Acute Myeloid Leukemia Coverage From Every Angle

Third-Generation BCR-ABL Inhibitor Under Study in AML

By: Joseph Fanelli
Posted: Tuesday, July 28, 2020

The third-generation BCR-ABL inhibitor GZD824 appears to have the potential to suppress the signaling pathways of FLT3, FGFR1, and PDGFRα genes in patients with resistant acute myeloid leukemia (AML), according to preclinical research findings presented in Translational Oncology. The multikinase inhibitor may prove to be effective beyond BCR-ABL–driven chronic myeloid leukemia, concluded Ke Ding, PhD, of Jinan University, Guangzhou, China, and colleagues.

“[GZD824] overcomes FLT3-D835N/H/R/G/A, F691I, and G697R-mutant resistance and obviously suppresses the growth of F691I-mutant xenograft tumors in animals,” the researchers observed.

The authors isolated primary AML cells from patients. All the samples were enriched in leukemic cells by performing density-gradient separation to yield a mononuclear fraction, and part of the primary cells were extracted RNA.
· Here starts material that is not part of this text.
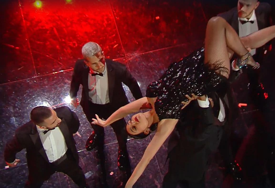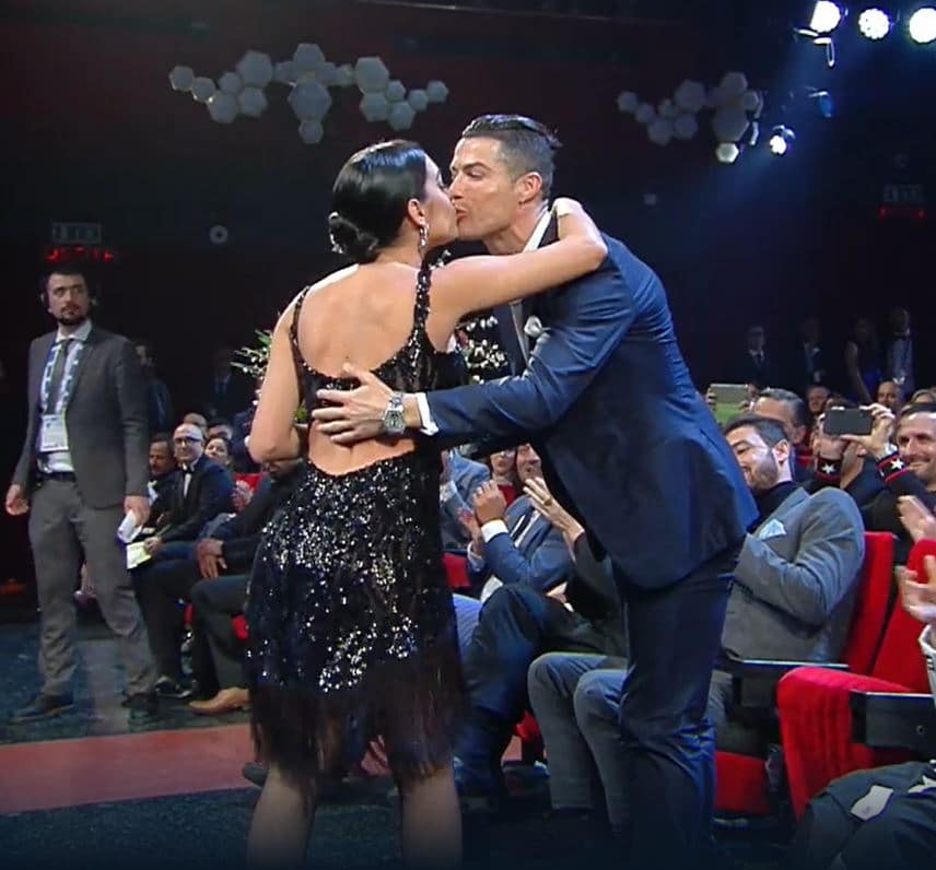 Il bacio tra Georgina Rodriguez e il fidanzato Cristiano Ronaldo al termine della sua performance sul palco dell’Ariston:

At concentrations below 10 nM, GZD824 significantly suppressed FLT3, FGFR1, and PDGFRα kinase activities and inhibited the signaling pathways in several leukemia cells (MV4-11, KG-1, and EOL-1). In addition, GZD824 selectively prevented the growth of these cells and suppressed the growth of Ba/F3-FLT3-ITD cells that harbor F691I and other mutations with IC50 values less than 10 nM.

The multikinase inhibitor also induced G0/G1 phase arrest and apoptosis in MV4-11, KG-1, and EOL-1 cells and activated cleavage of caspase-3 and PARP. Based on xenograft mouse models of MV4-11, Ba/F3-ITD-F691I, and KG-1, GZD824 “almost completely” eliminated tumors at 10 or 20 mg/kg given every other day. In addition, GZD823 hindered the viability of primary leukemic blasts in patients with AML who had FLT3-ITD–positive disease, but not in patients with native FLT3-positive disease.

Disclosure: The authors reported no conflicts of interest.